**Problem details**: Transcribe the full listing exactly, and drop every picture.

**Data shown**:
- - -
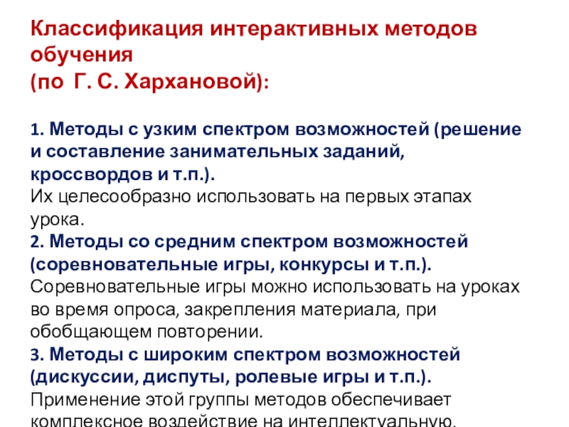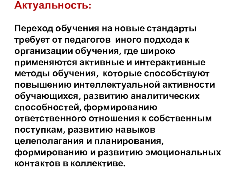 к организации обучения, где широко применяются активные и интерактивные методы обучения, которые способствуют повышению интеллектуальной активности обучающихся, развитию аналитических способностей, формированию ответственного отношения к собственным поступкам, развитию навыков целеполагания и планирования, формированию и развитию эмоциональных контактов в коллективе.
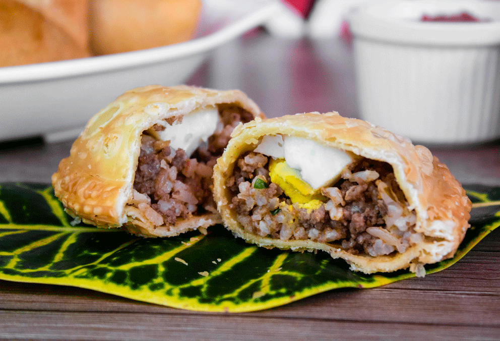 carne, pollo desmechado ,vegetales ,tocineta ,queso
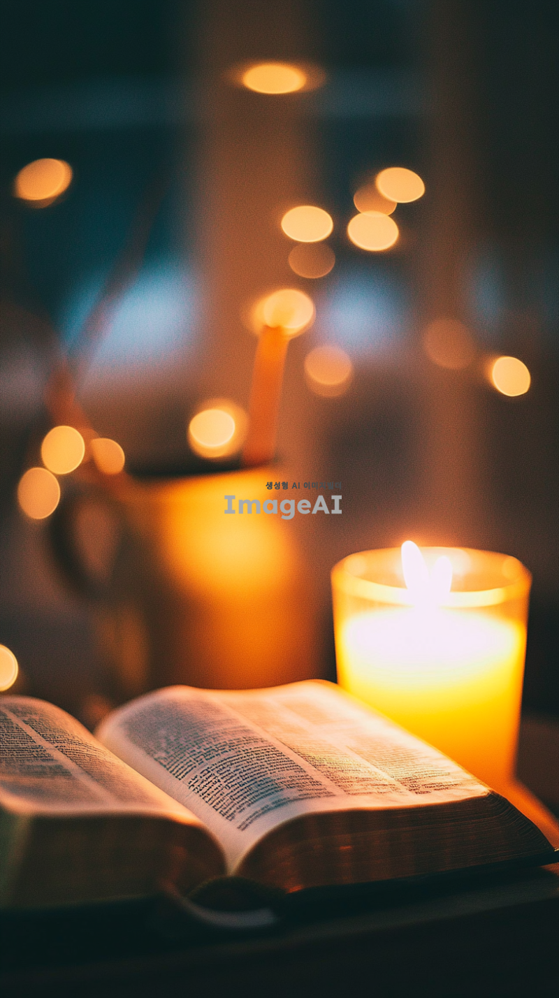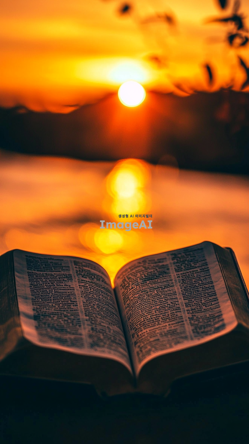 따뜻한 빛이 비추고 음악이 흐르는 배경에 성경이 펼쳐져 있고, 성경 뒤로는 하느님과 이스라엘 백성들이 이야기를 나누고 있는 모습, 따뜻하고 거룩한 분위기
- - -
**Task response**:
 к организации обучения, где широко применяются активные и интерактивные методы обучения, которые способствуют повышению интеллектуальной активности обучающихся, развитию аналитических способностей, формированию ответственного отношения к собственным поступкам, развитию навыков целеполагания и планирования, формированию и развитию эмоциональных контактов в коллективе.
 carne, pollo desmechado ,vegetales ,tocineta ,queso
 따뜻한 빛이 비추고 음악이 흐르는 배경에 성경이 펼쳐져 있고, 성경 뒤로는 하느님과 이스라엘 백성들이 이야기를 나누고 있는 모습, 따뜻하고 거룩한 분위기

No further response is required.